Pathway 9: help or control?
Therefore, we must consider whether the recommendations of the Corston Report (Corston, 2007) represent help or further control. My research questions whether the implementation of Reducing Reoffending Pathway 9 (Corston, 2007) is genuinely about helping women who sell sex, or whether it is about controlling and monitoring the ‘fallen’ and the ‘wayward woman’ (Phoenix, 2008). There is an increasing trend of applying a victimhood discourse to sex work, in particular the experiences of women who work on the street (Smith, 2015a). This victimology legitimises controlling responses under the guise of ‘eradicating’ prostitution (Home Office, 2004). As Scoular (2004:350) argues, ‘appeals to the state for protection by middle-class feminists on behalf of their “poor sisters” often cast prostitute and young working-class women as objects of care and concern’. Scoular continues that such constructions increased state control of ‘wayward women’ that continues to this day (Scoular, 2004:350). Pathway 9 might arguably be another thread in the widening web of governmentality, whereby women who sell sex are under surveillance from numerous agencies (Foucault, 1979; see also Scoular, 2010:28). Corston’s assertion that women’s centres should be ‘used as referral centres for women who offend or are at risk of offending’ is particularly problematic (Corston, 2007:69, emphasis added).

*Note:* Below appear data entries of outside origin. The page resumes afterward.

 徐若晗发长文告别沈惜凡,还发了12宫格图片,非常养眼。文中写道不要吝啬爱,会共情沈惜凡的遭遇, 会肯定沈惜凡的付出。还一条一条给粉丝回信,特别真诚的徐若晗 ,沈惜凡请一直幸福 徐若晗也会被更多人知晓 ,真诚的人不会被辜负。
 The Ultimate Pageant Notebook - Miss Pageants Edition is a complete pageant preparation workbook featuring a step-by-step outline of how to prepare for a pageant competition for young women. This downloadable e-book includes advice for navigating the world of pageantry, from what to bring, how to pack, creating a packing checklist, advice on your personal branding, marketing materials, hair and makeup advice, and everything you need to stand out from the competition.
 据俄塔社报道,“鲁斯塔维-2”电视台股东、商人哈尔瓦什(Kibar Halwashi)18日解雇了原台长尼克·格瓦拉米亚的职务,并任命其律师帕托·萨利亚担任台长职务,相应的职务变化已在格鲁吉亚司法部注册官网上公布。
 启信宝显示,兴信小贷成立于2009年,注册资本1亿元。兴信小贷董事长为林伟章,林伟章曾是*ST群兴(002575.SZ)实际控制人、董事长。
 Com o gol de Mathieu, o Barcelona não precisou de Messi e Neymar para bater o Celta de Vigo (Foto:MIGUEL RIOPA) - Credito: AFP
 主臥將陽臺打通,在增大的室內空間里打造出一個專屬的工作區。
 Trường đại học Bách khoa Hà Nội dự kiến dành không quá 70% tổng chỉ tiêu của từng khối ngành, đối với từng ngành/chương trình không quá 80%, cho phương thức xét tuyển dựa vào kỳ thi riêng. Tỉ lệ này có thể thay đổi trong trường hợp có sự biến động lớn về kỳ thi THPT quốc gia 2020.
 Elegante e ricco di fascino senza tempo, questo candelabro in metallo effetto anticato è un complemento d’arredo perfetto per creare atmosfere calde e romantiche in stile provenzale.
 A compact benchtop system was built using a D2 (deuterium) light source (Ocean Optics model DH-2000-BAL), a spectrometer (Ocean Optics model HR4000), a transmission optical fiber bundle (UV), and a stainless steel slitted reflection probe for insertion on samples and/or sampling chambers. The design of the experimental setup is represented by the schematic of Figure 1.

Likewise, engagement and support orders, framed as being there to ‘help’ sex workers, are also part of this ‘be helped or else’ framework (Carline and Scoular, 2013:3) and represent increased and extended control by the state over poor and vulnerable women (Sanders, 2009:508). Scoular and O’Neill (2007:216) argue that moving away from enforcement towards multi-agency interventions reveals ‘more expansive forms of control’ that are often masked by a neoliberal rhetoric of ‘active citizenship’ and ‘participation’. O’Neill (2010:216) asserts that legislation increasingly serves to regulate women who sell sex, whilst claiming concern for women’s welfare. The Corston Report’s (2007) recommendation of Pathway 9 can arguably be read in this context.

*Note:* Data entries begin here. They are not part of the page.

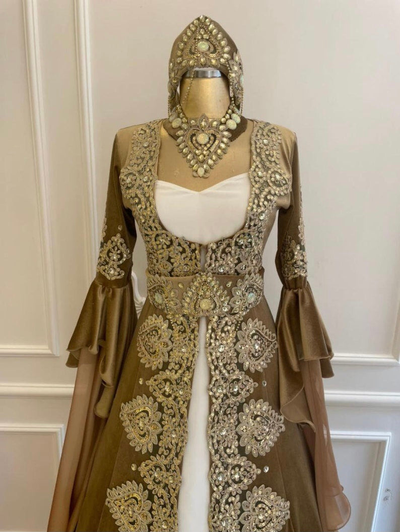 - Velvet kaftan with bindalli is suitable for sizes 36-42 and is sold as a full set. Kaftan inner dress, headdress, belt and necklace are included in the price.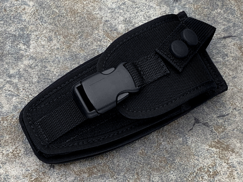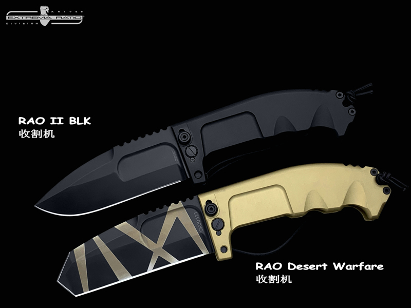 2006 年 6 月,第 185 中队。侦察和目标采集“FOLGORE”(185°RAO)委托 Extrema Ratio 根据有关特定操作活动的特定规范开发一种特殊刀具。成果就是 RAO,RAO不是一把大的折叠刀,而是一把紧凑的生存和工作刀,带有沉重而坚固的刀片。打开时的锁定机制特别耐用,因为它由安全系统辅助,将其变成一个真正的直刀。可以用两只手操作打开和关闭,通过护手部位的锁定销锁定刀具,以最大限度地减少操作过程中自伤的风险。由于它的重量,刀片实际上是一个真正的收割机。为保证锁定机构的 100% 密封,由于刀具的重量造成的重度使用和打击的暴力,使用了螺纹钢销,通过在此处拧上销钉,它插入刀片和用户的手指之间,也提供了重要的心理效果。护套是该系统的重要组成部分,因为除了容纳钻石磨刀器外,它还允许您将刀打开入鞘,或关闭在特殊的前袋中。使用 MOLLE 系统将护套固定在用户身上的系统允许将其佩戴在战术背心和通用腰带上。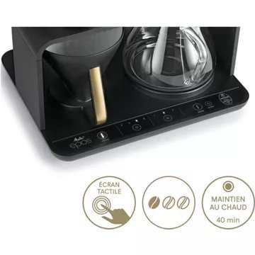 - Cafetière : : filtre, l’eau se déverse goutte à goutte pour une extraction douce de votre café. Le café coule alors dans la verseuse et est prêt à être servi!

The concept of vulnerability is deeply contested. It can be seen as a way of identifying people who may be ‘at risk’, but it can also be seen as a mechanism of social control (Brown, 2012). Scoular and O’Neill (2007) argue that the construction of sex workers as inevitably vulnerable is a governance technique. Brown (2012:47) concurs that ‘In classifying individuals as vulnerable, it would seem there is also the implication that they need to be controlled’. It appears that on the one hand policy constructs sex workers as vulnerable, yet in practice these vulnerabilities are often ignored, and instead sex workers are punished and controlled. Vulnerability, then, may be utilised in fluid and inter-changeable ways.

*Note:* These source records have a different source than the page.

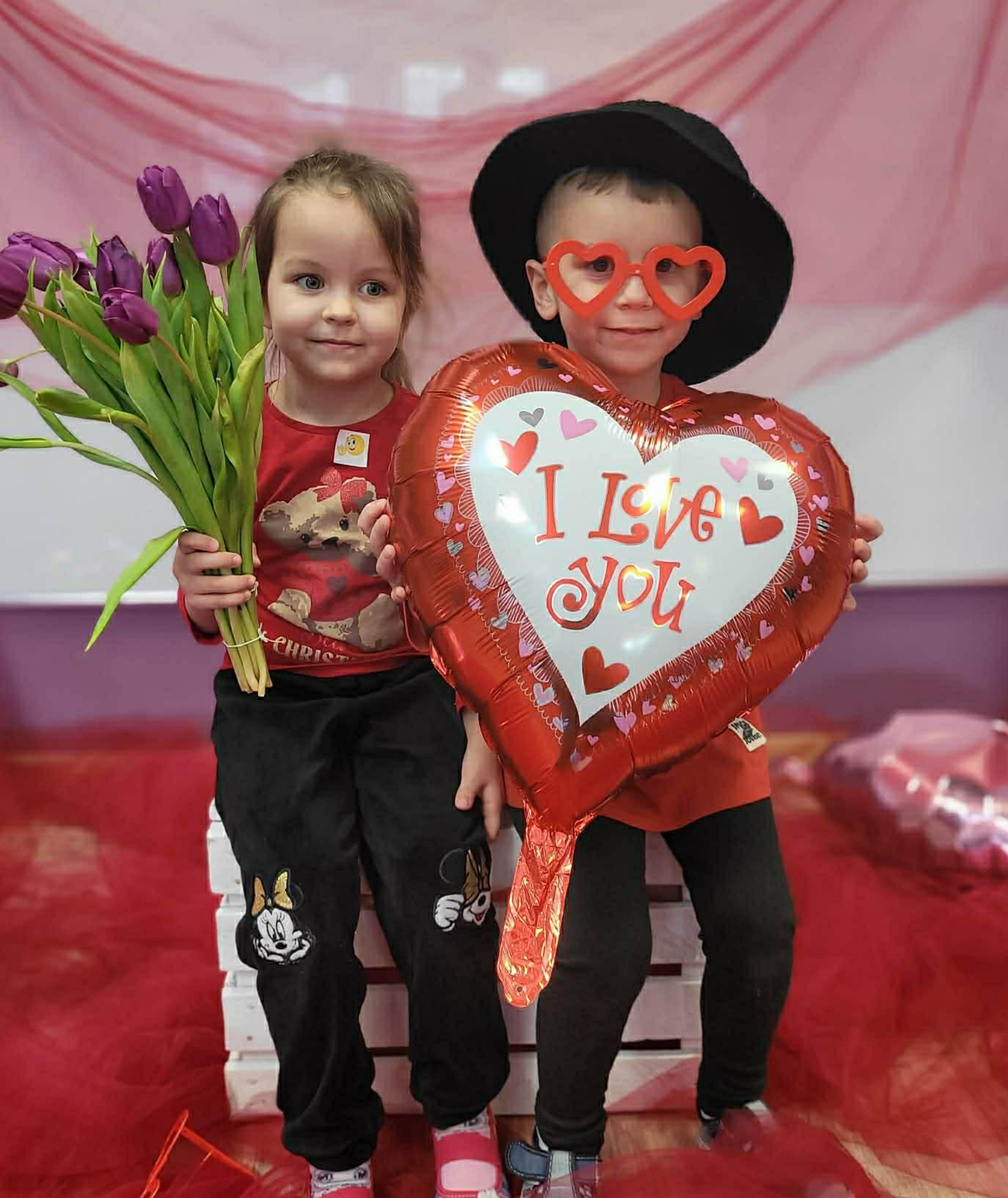 Maluszki i starszaki również świętowały. Pozowały z wielką radością do zdjęć przy walentynkowej ściance, a uśmiechy nie schodziły im z twarzy. Nie zabrakło, także kreatywnych aktywności plastycznych. Przedszkolaki wykonywały piękne prace – wyklejały serca z plasteliny, rysowały po śladzie, wycinały oraz ozdabiały walentynkowe kształty.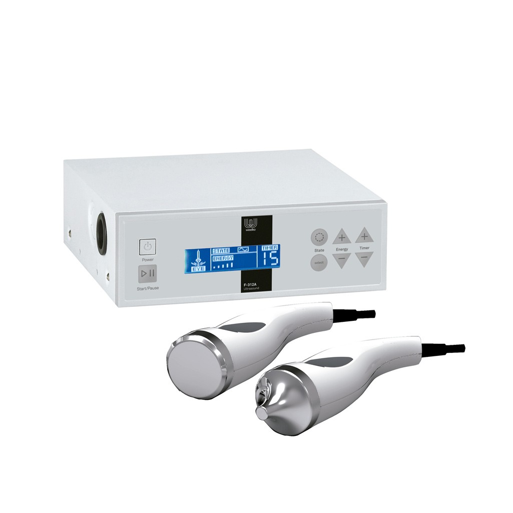 Equipo de ultrasonido B con sonda facial y orbicular. Se pueden seleccionar diferentes ondas según el tratamiento a realizar.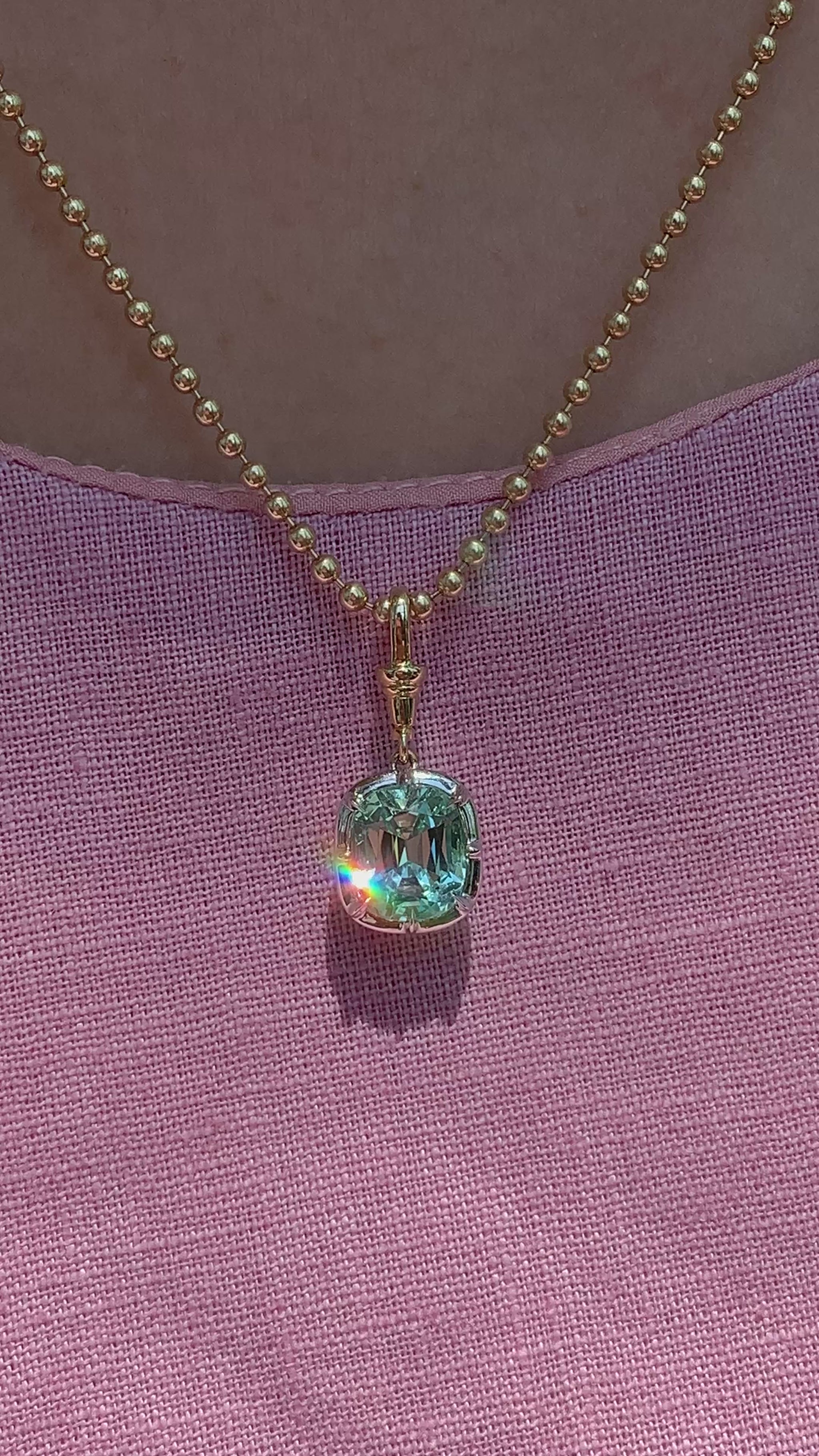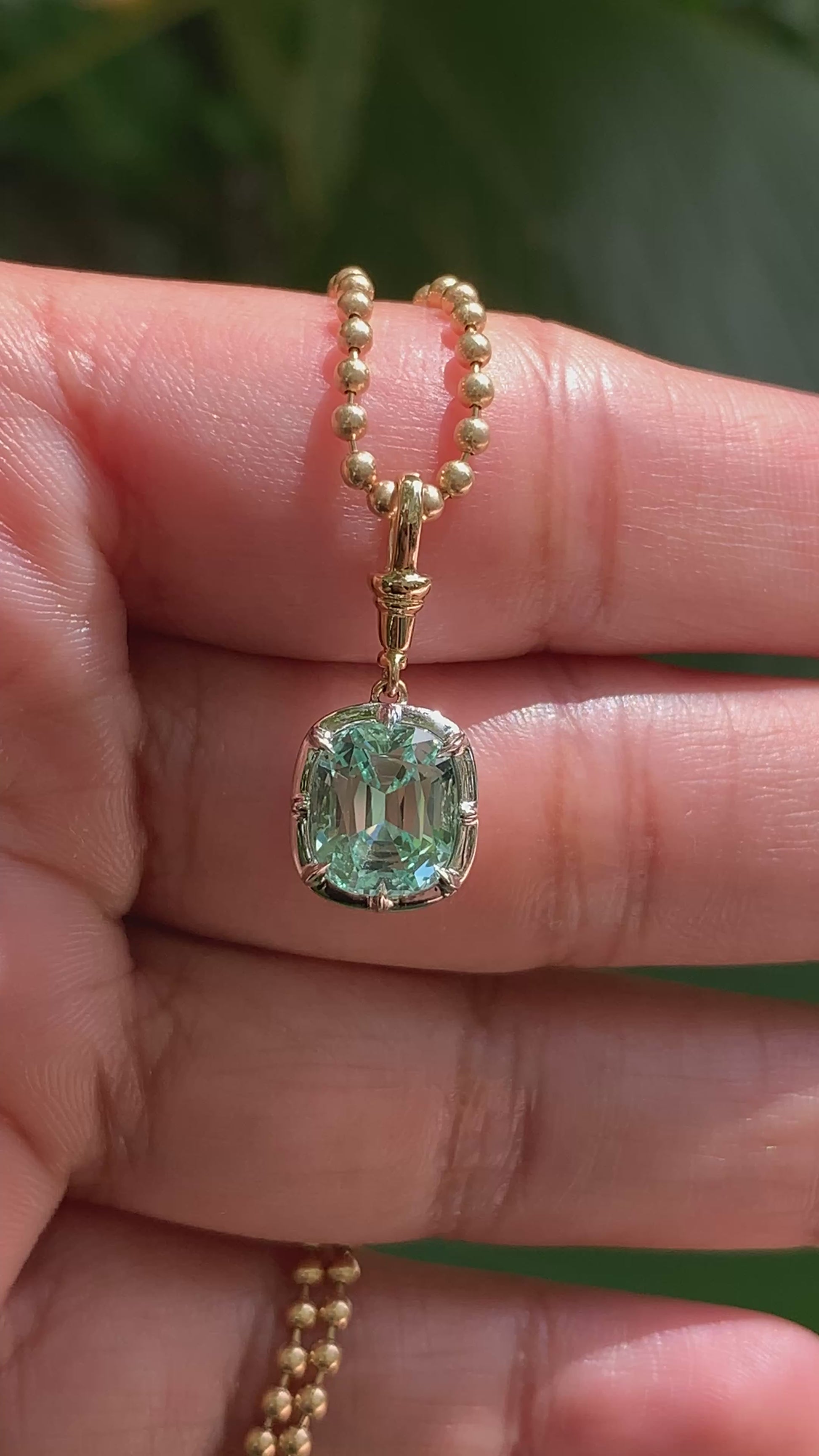 Collet Pendant - Cushion Neon Beryl - Made to Order

For Pathway 9 to be useful for women in prison, there must be a shift from the dominant narrative that sex work should be eradicated. Instead, those services available to women should offer assistance on exiting and working more safely, to ensure the women are respected regardless of whether they wish to exit or continue working at this time. There must be a dedicated Pathway 9 lead in every prison, who is given the time and resources in the form of a paid full-time role. Sex workers in prison must not fear further criminalisation for ‘outing’ themselves as selling sex and must feel that they are worthy of respect and protection. Their experiences must be understood in the context of the cycle of violence within which they live and labour, and support services must be put in place to deal with the trauma they have experienced. Care must be taken that Pathway 9 does not become a further form of surveillance and regulation of sex workers under the guise of protection.